For the records below, output word for word the lines from the one with "比赛在主持人的激情演讲下正式" up to and including the one with "- Multi-functional dock: This". No pictures.

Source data
+++
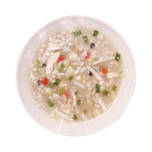 チキンエキス国内製造、食塩、でん粉、ジンジャーパウダー、チキンオイル、クリーミングパウダー、白菜エキス、砂糖、酵母エキス、高麗人参パウダー、うきみ・具乾燥雑穀玄米、きび、あわ、黒米、食塩、味付鶏肉、乾燥ねぎ、赤ピーマン、塩漬生姜、ごま、調味料アミノ酸等、糊料キサンタン、酸化防止剤ビタミンE、香辛料、トレハロース、一部に小麦・乳成分・ごま・大豆・鶏肉を含む
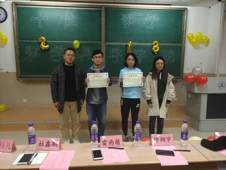 比赛在主持人的激情演讲下正式开始。比赛过程中,一首又一首动听而又优美的歌曲在教室内回响,随之而来的掌声也从未停歇,每位同学都在用心歌唱,用歌声来表达自己内心的情感,向观众传递着青春所独有的激情与魅力。观众都沉醉于美妙的音乐世界。最终,董睿同学和路广昌同学在此次比赛中获得了一等奖,郭云燕等同学获得二等奖,蔺佳昱等同学获得三等奖。颁奖仪式后,所有参赛选手与工作人员拍照留念,比赛在欢声笑语中落下帷幕。
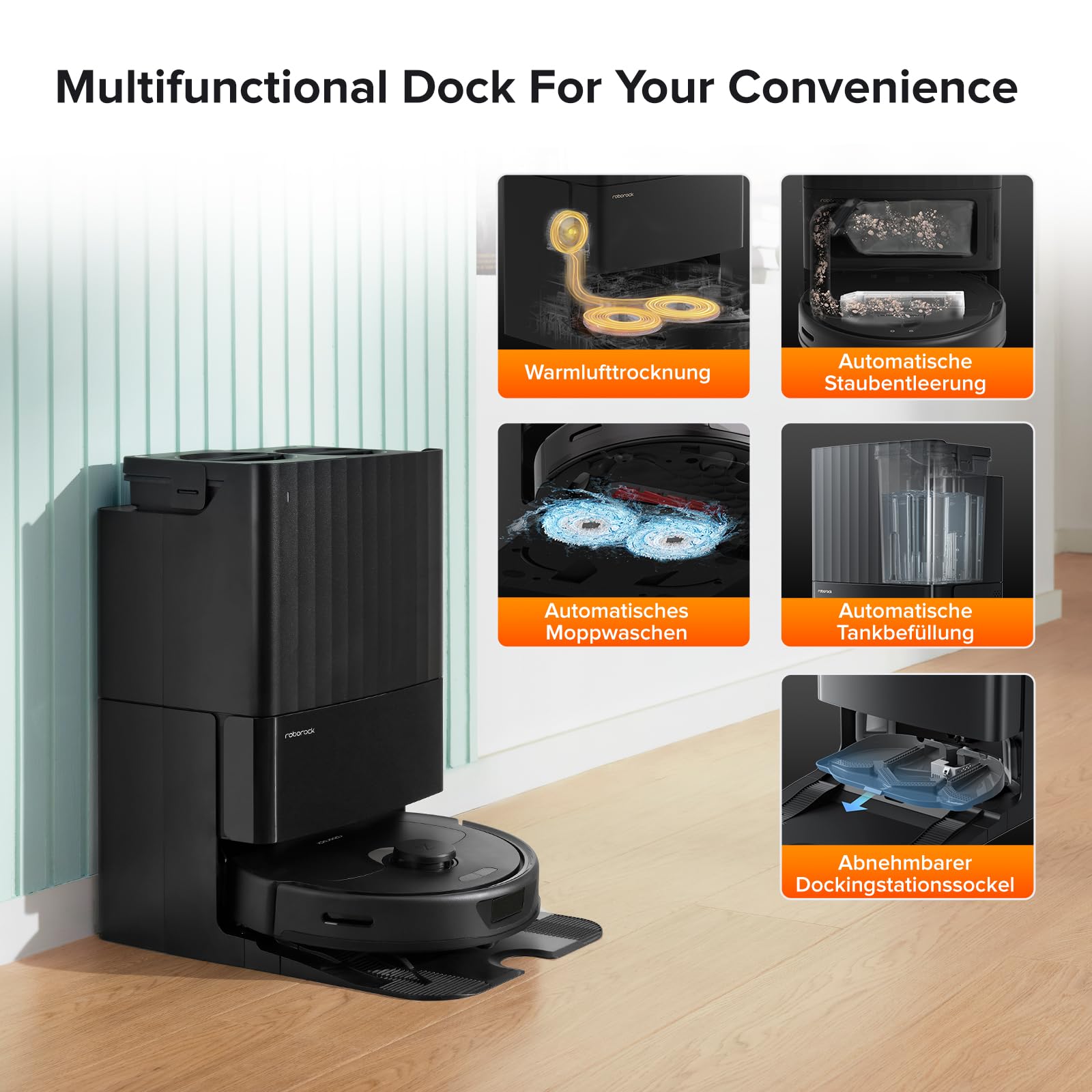 - Multi-functional dock: This uncompromising, fully automated docking station empties and washes the robot so you can focus on what's really important to you. (Self-washing/self-drying/self-draining/self-refilling/removable base).
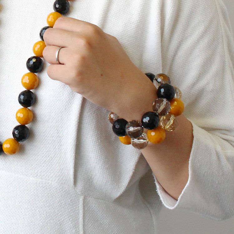 アクリルビーズを組み合わせた存在感あるブレスレット。着けた瞬間しっくりと馴染みオシャレ見えするデザインが魅力です。ゴムタイプのため着脱がスムーズです。
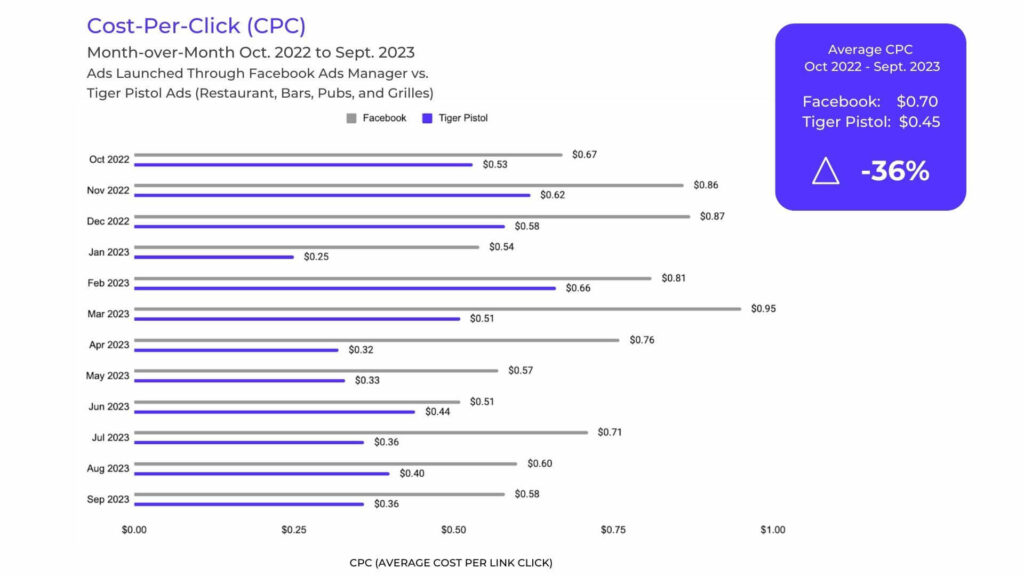 The following charts showcase the average cost of advertising per month for Facebook advertising alongside Tiger Pistol’s performance. They reveal a staggering truth: local ads launched through the Tiger Pistol Collaborative Advertising Platform™ consistently cost significantly less.
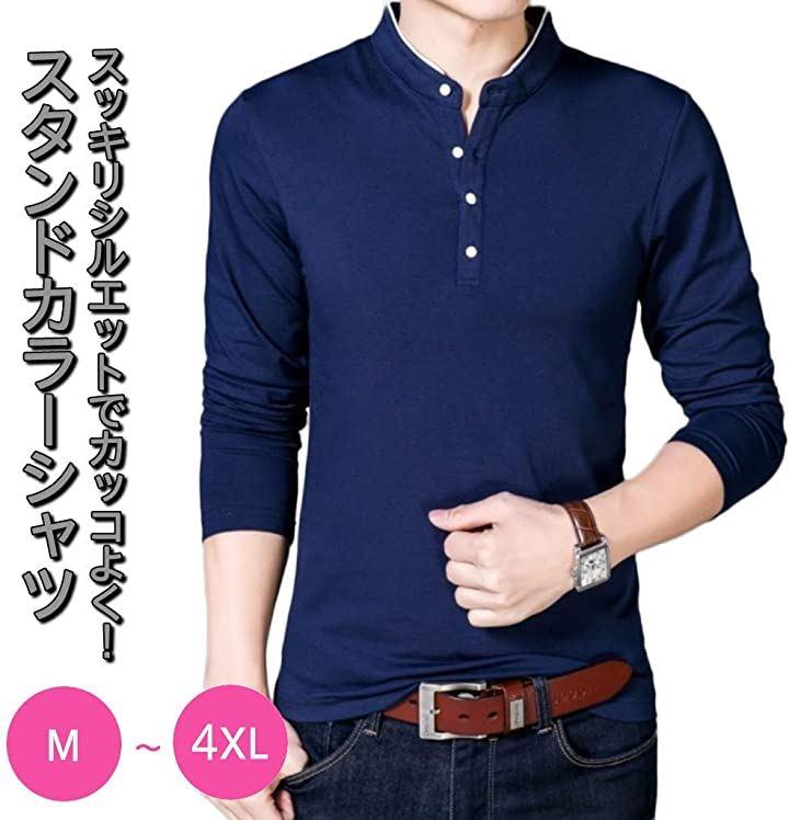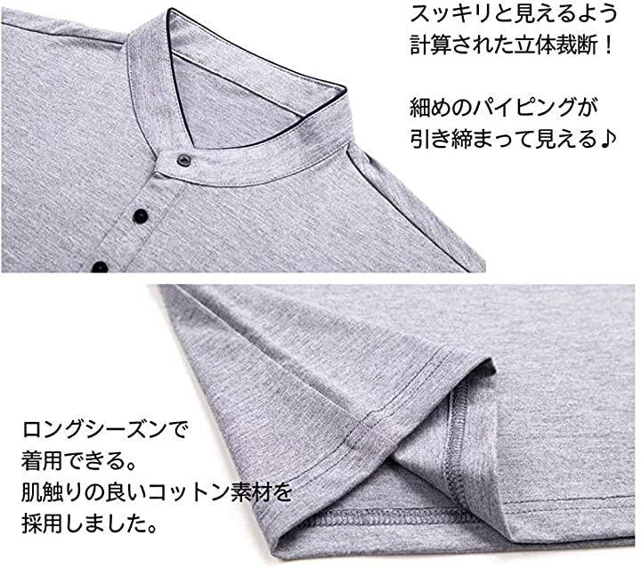 スッキリとしたスタンドカラーデザインのカットソーシャツです。
+++
### ANSWER TO THE EXERCISE:
 比赛在主持人的激情演讲下正式开始。比赛过程中,一首又一首动听而又优美的歌曲在教室内回响,随之而来的掌声也从未停歇,每位同学都在用心歌唱,用歌声来表达自己内心的情感,向观众传递着青春所独有的激情与魅力。观众都沉醉于美妙的音乐世界。最终,董睿同学和路广昌同学在此次比赛中获得了一等奖,郭云燕等同学获得二等奖,蔺佳昱等同学获得三等奖。颁奖仪式后,所有参赛选手与工作人员拍照留念,比赛在欢声笑语中落下帷幕。
 - Multi-functional dock: This uncompromising, fully automated docking station empties and washes the robot so you can focus on what's really important to you. (Self-washing/self-drying/self-draining/self-refilling/removable base).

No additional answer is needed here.